Material to process START
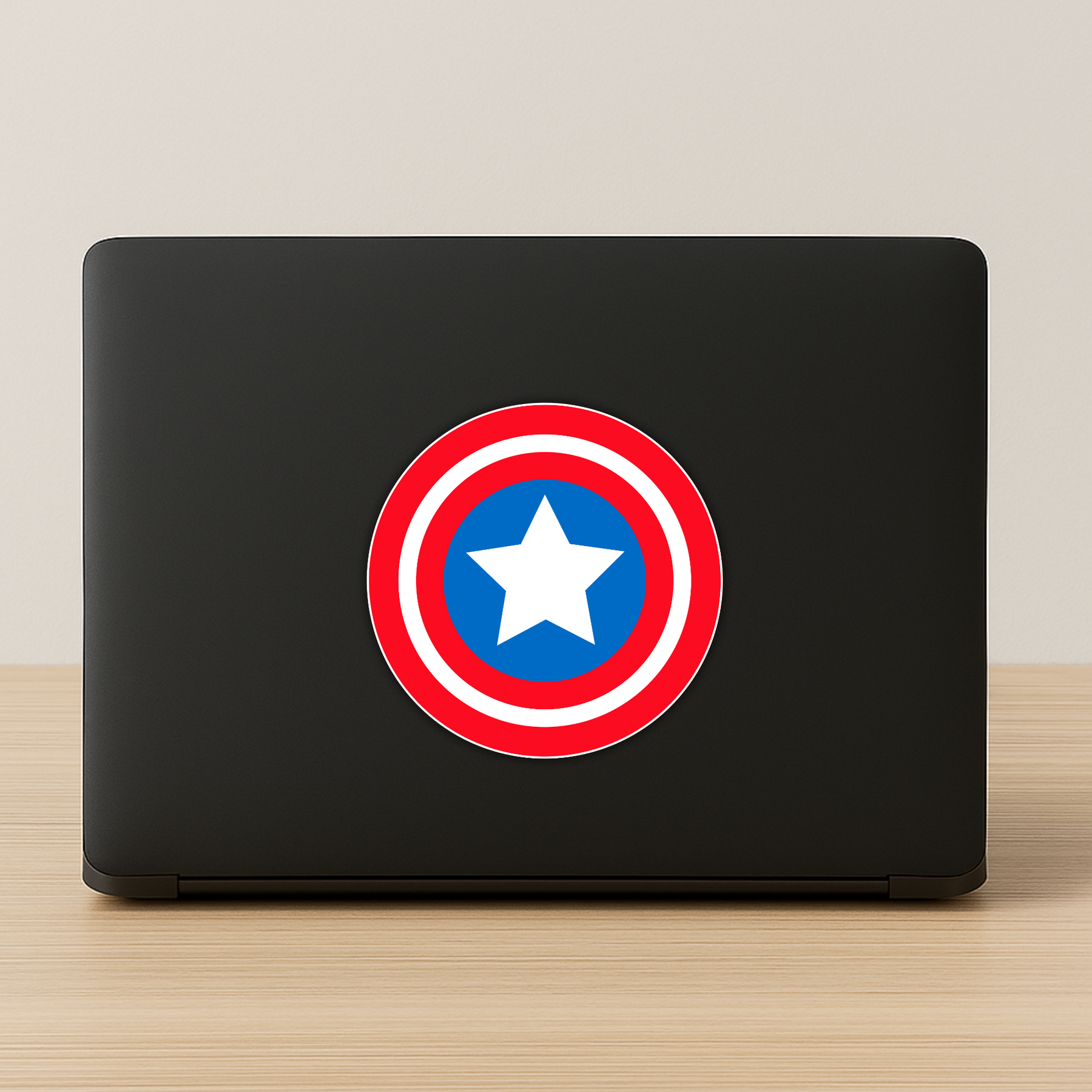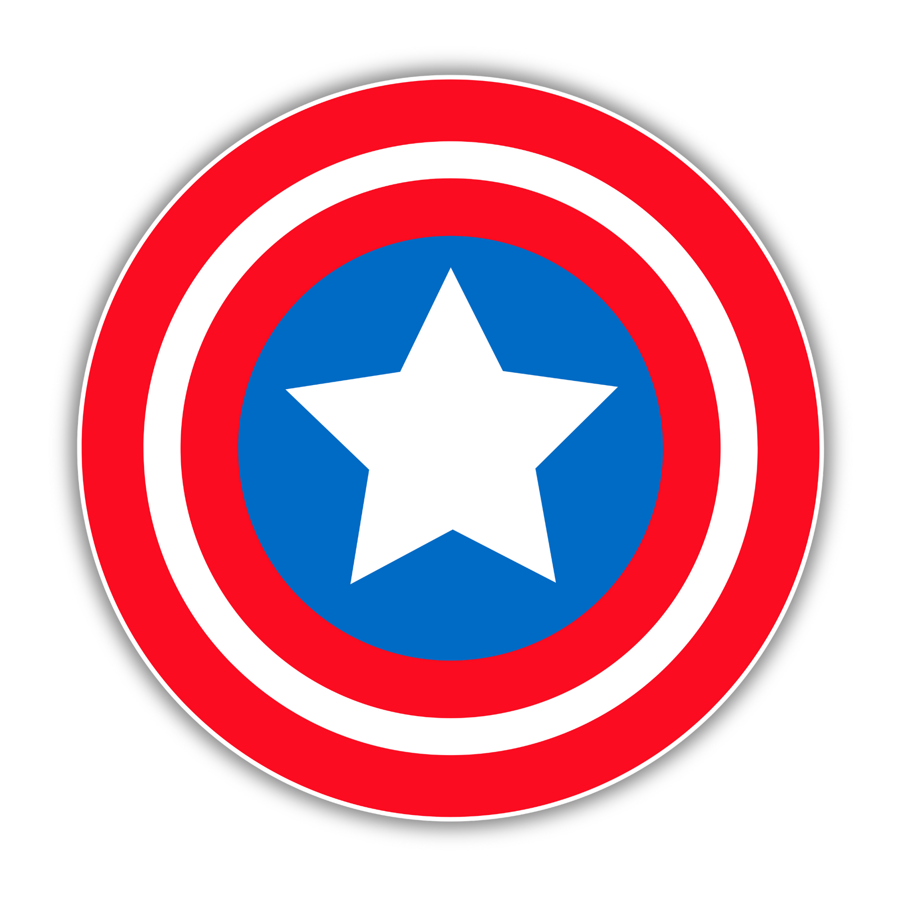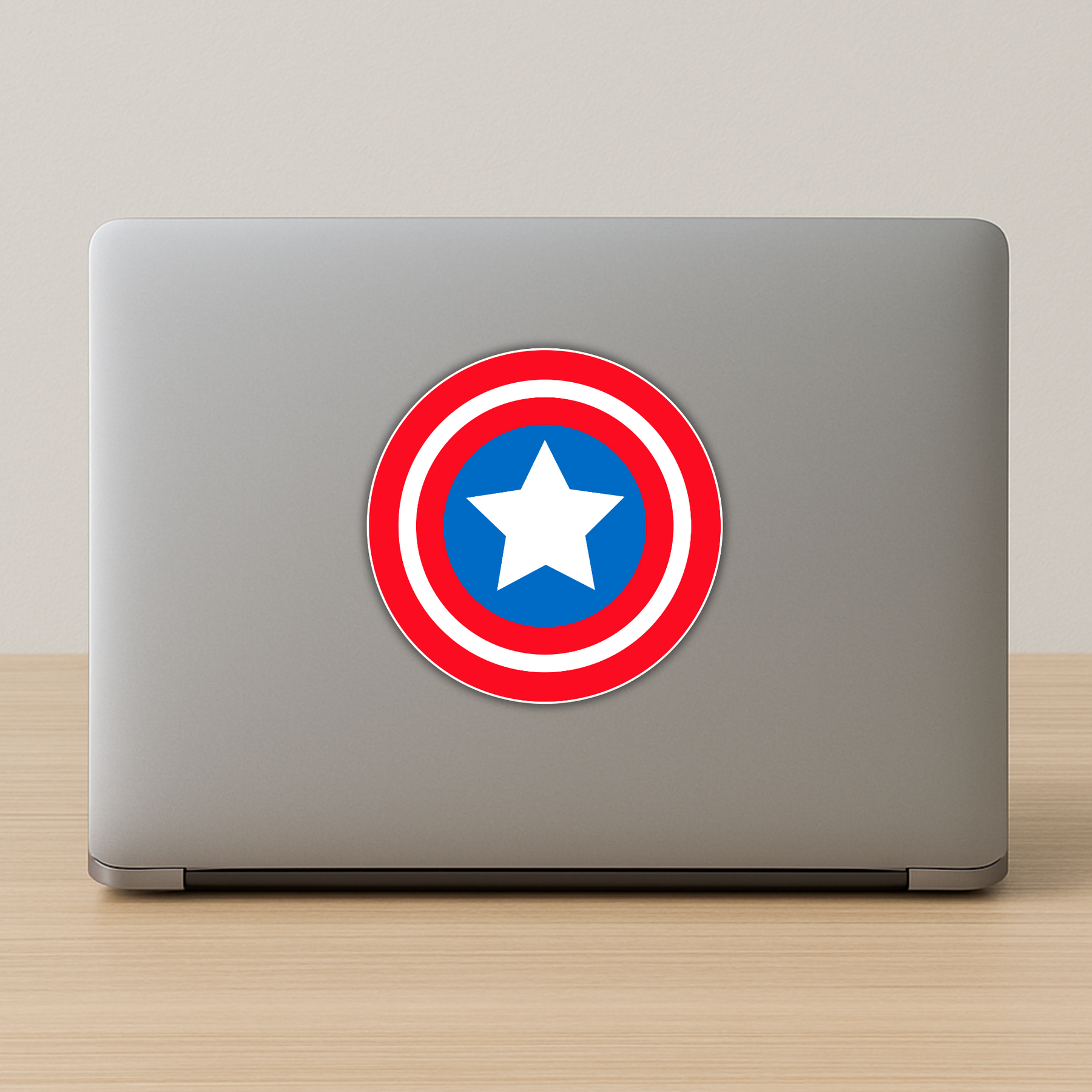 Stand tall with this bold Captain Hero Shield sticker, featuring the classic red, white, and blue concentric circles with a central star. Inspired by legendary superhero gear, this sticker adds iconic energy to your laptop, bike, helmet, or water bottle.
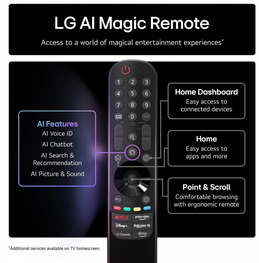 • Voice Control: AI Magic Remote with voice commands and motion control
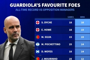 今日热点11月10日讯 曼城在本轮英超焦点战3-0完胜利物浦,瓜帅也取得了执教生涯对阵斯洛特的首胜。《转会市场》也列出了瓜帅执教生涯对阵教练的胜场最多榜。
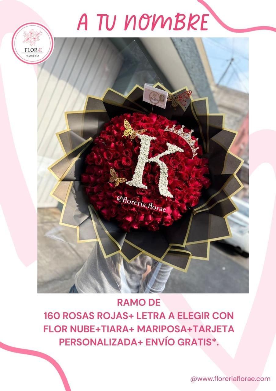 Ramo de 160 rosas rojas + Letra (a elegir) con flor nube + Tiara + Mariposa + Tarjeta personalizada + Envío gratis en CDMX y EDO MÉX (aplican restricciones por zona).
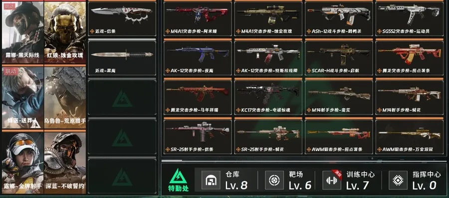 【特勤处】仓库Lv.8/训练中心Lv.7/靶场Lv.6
Material to process END
Assignment: Print, word for word, every entry shown above; the pictures stay out.

Solution to the exercise:
 Stand tall with this bold Captain Hero Shield sticker, featuring the classic red, white, and blue concentric circles with a central star. Inspired by legendary superhero gear, this sticker adds iconic energy to your laptop, bike, helmet, or water bottle.
 • Voice Control: AI Magic Remote with voice commands and motion control
 今日热点11月10日讯 曼城在本轮英超焦点战3-0完胜利物浦,瓜帅也取得了执教生涯对阵斯洛特的首胜。《转会市场》也列出了瓜帅执教生涯对阵教练的胜场最多榜。
 Ramo de 160 rosas rojas + Letra (a elegir) con flor nube + Tiara + Mariposa + Tarjeta personalizada + Envío gratis en CDMX y EDO MÉX (aplican restricciones por zona).
 【特勤处】仓库Lv.8/训练中心Lv.7/靶场Lv.6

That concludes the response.